Sedangkan apa-apa yang dipalingkan darinya, ia mengetahui bahwa itu merupakan tirai Allah SWT. Celaan bagi orang seperti ini adalah keuntungan, karena dengan celaan itu ternyata dirinya menjadi orang paling tawadhu, paling merasa hina, dan lebih selamat untuk agamanya, sehingga jadilah celaan itu kebaikan baginya tanpa perlu usaha dan susah payah. Namun tipe ini hanya ada satu pada masanya.
Sementara itu, seluruh tipe di atas, baik keetika berhadapan dengan pujian ataupun celaan, selalu berpindah-pindah dari satu keadaan kepada keadaan yang lain, setiap saat dan hari serta setiap bulan dan tahun. Lalu yang berpindah-pindah tersebut ada yang melangkah maju dan ada pula yang justru berbalik mundur. Maka selidikilah tipe-tipe tersebut, di mana gerangan engkau demi berupaya melakukan mujahadah terhadap dirimu. Karena, telah sampai kepada kami bahwa riya’ itu ada tujuh puluh pintu lebih.

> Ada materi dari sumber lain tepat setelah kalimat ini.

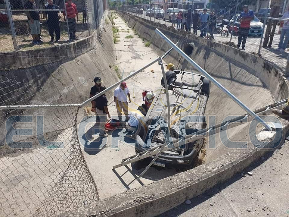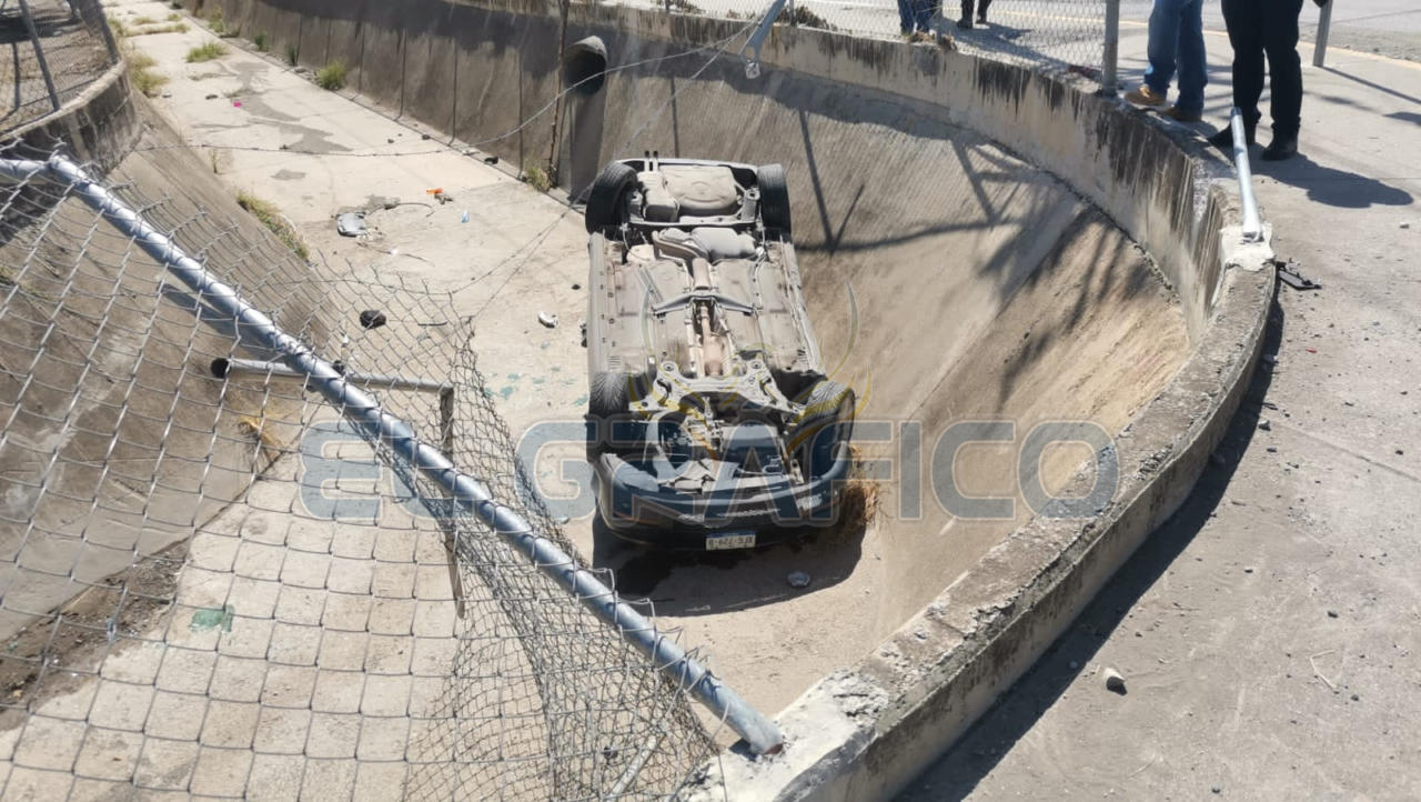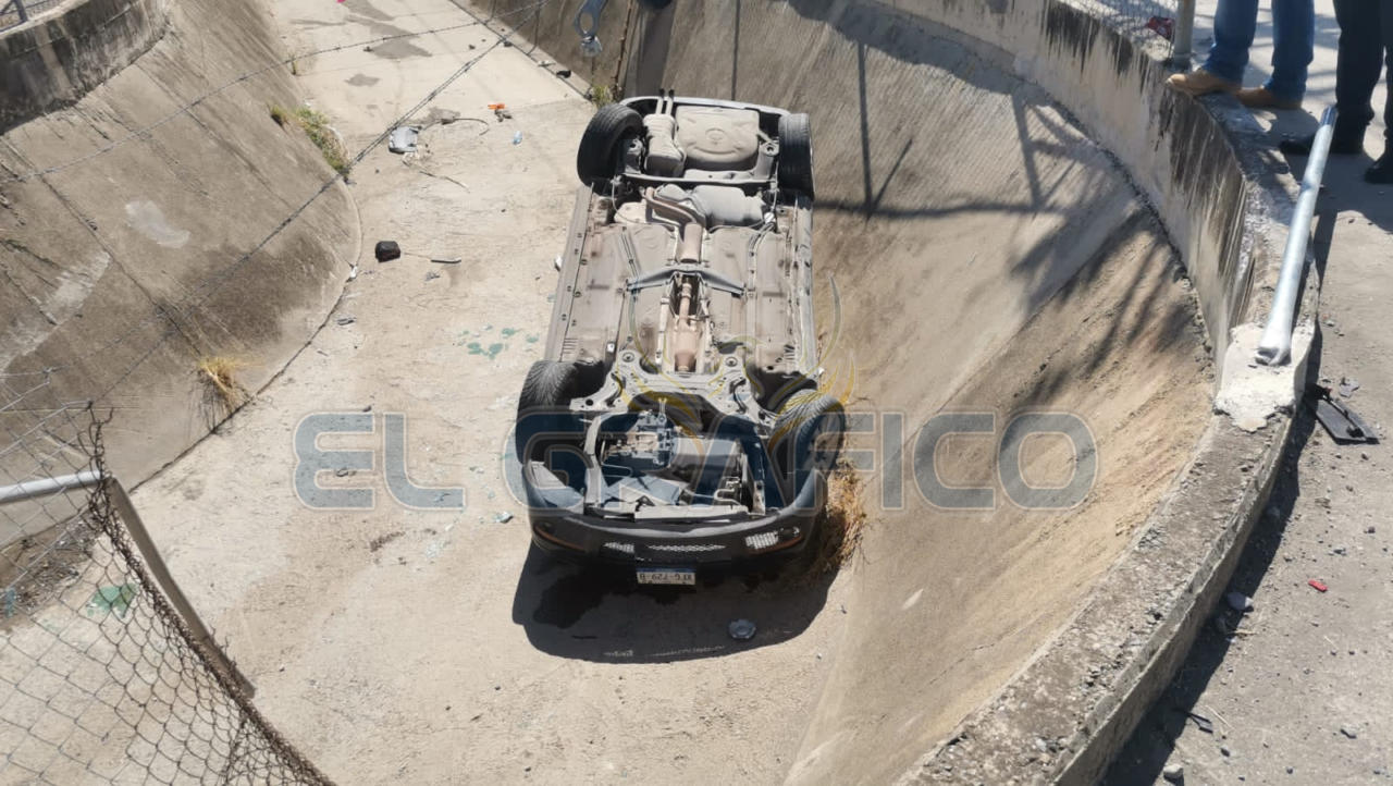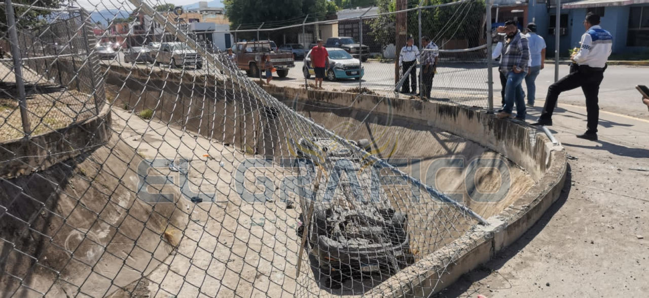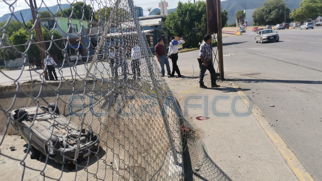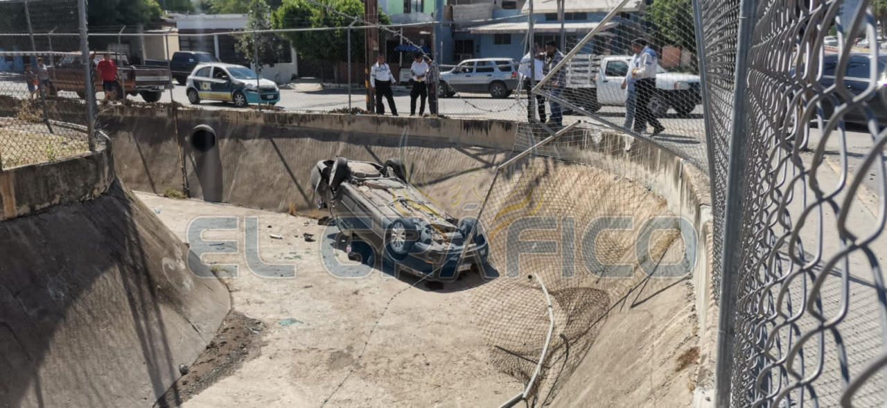 Al salir de la "joroba" el conductor del Jetta perdió el control del volante y al desviar su trayectoria hacia su lado derecho se impactó contra una cerca metálica para posteriormente caer a un dren pluvial que se encuentra en la Plaza Comercial Adelitas ubicada sobre el bulevar Adolfo López Mateos y la calle Jesús Elías Piña.

Diriwayatkan bahwa Riya’ lebih tersembunyi daripada semut yang merayap di atas batu. Akalku tidak bisa membayangkan tentang merayapnya semut, maka bagaimana dengan sesuatu yang lebih halus daripada itu. Kiranya apa yang telah kami sebutkan tadi cukup memadai bagi orang yang beramal. Nah, bagaimana keadaan orang yang banyak beribadah di antaramu, bisakah ia menjalankan sebagiannya? Dan bagaimana pula dengan semua yang kami sebutkan tadi? Semoga Allah memberikan karunia kepada kita sekalian dengan kejujuran dalam semua keadaan.